Here’s a clear look at AMCR and EAT, comparing key factors like performance, valuation metrics, dividends, and financial strength. It’s built for investors or anyone curious to see how these two stocks match up.

Company Overview

AMCR dominates in value with a market cap of 21.16 billion USD, eclipsing EAT’s 6.40 billion USD by roughly 3.31×.

EAT carries a higher beta at 1.66, indicating it’s more sensitive to market moves, while AMCR remains steadier at 0.78.

SymbolAMCREAT
Company NameAmcor plcBrinker International, Inc.
CountryCHUS
SectorConsumer CyclicalConsumer Cyclical
IndustryPackaging & ContainersRestaurants
CEOMr. Peter Konieczny Dip Eng, MBA, MSc Mech EngMr. Kevin D. Hochman
Price9.18 USD143.87 USD
Market Cap21.16 billion USD6.40 billion USD
Beta0.781.66
ExchangeNYSENYSE
IPO DateMay 15, 2012January 6, 1984
ADRNoNo

Performance Comparison

This chart compares the performance of AMCR and EAT over the past year by tracking the growth of an initial $10,000 investment in each (starting one year ago).

Hover over the lines to see the investment’s value and total return (%) at specific dates.

Data is adjusted for dividends and splits.

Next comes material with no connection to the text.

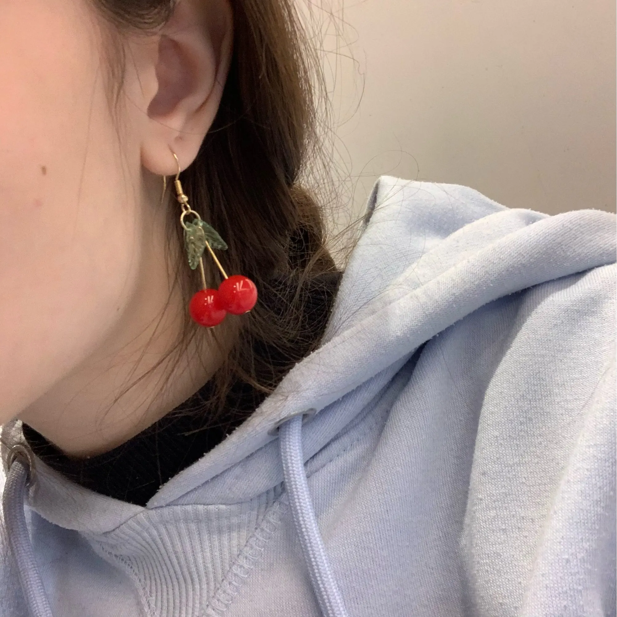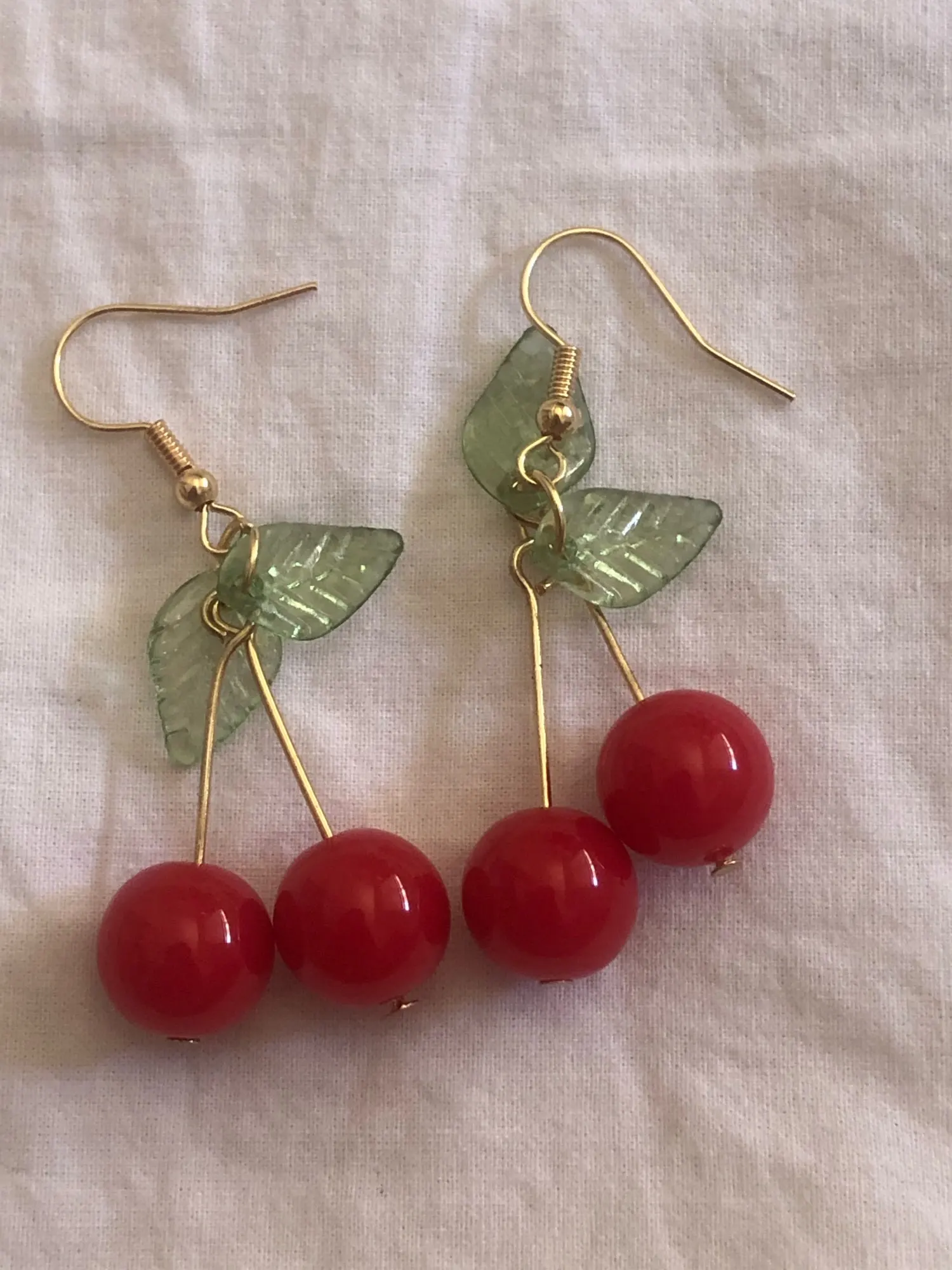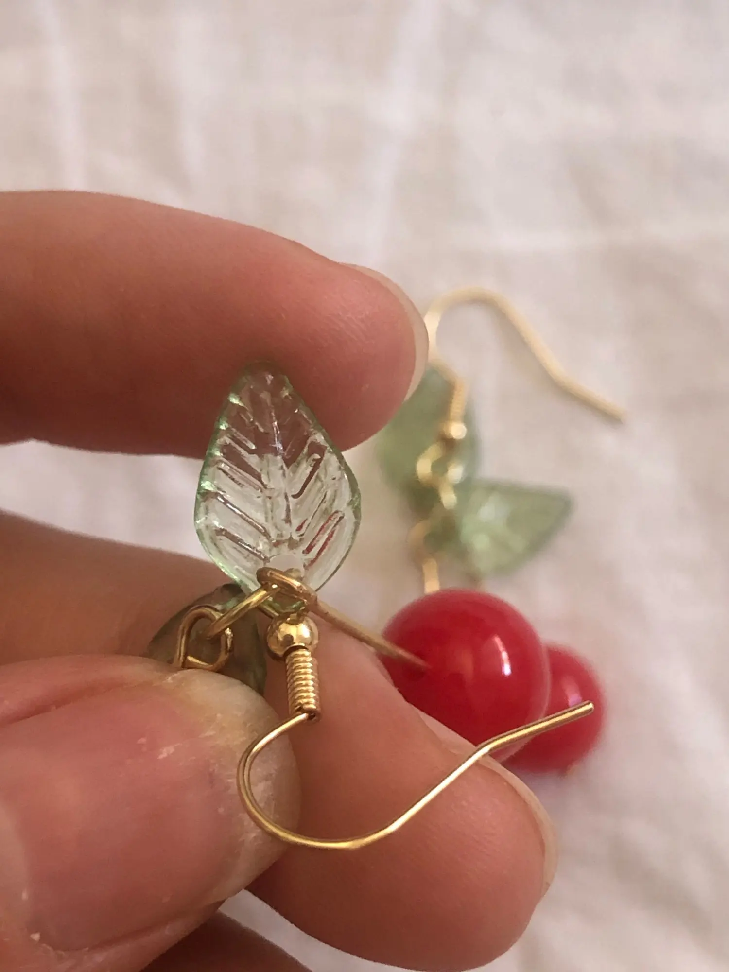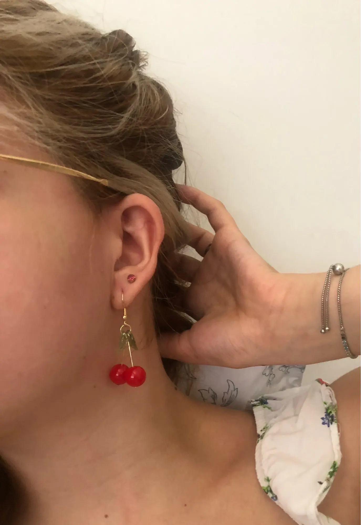 Они сделаны из более «стойкого» материала, но они все еще не весят и не очень удобны в носке. Но вишни не крепятся друг к другу или к металлическому стержню, что позволяет забавно двигаться по наклону, и они выглядят очень молодо. Они именно те, что на фото, и они получили здесь довольно быстро. Моя версия-это зажим, и они красиво закрывается и настраивается.

Valuation Metrics Comparison

For a detailed comparison of valuation metrics between AMCR and EAT, please refer to the table below.

SymbolAMCREAT
Price-to-Earnings Ratio (P/E, TTM)29.2419.16
Forward PEG Ratio (TTM)2.911.65
Price-to-Sales Ratio (P/S, TTM)3.081.25
Price-to-Book Ratio (P/B, TTM)3.4424.66
Price-to-Free Cash Flow Ratio (P/FCF, TTM)19.4216.35
EV-to-EBITDA (TTM)28.4012.28
EV-to-Sales (TTM)4.131.58
EV-to-Free Cash Flow (TTM)26.0320.75

Dividend Comparison

AMCR delivers a 5.53% dividend yield, blending income with growth, whereas EAT appears to retain its profits, possibly to fund operations, R&D, or other growth initiatives.

SymbolAMCREAT
Dividend Yield (TTM)5.53%0.00%

Financial Strength Metrics Comparison

This section dives into the financial resilience of AMCR and EAT, spotlighting key metrics like liquidity, leverage, and debt coverage. Check out the standout observations below where notable differences or extremes pop up.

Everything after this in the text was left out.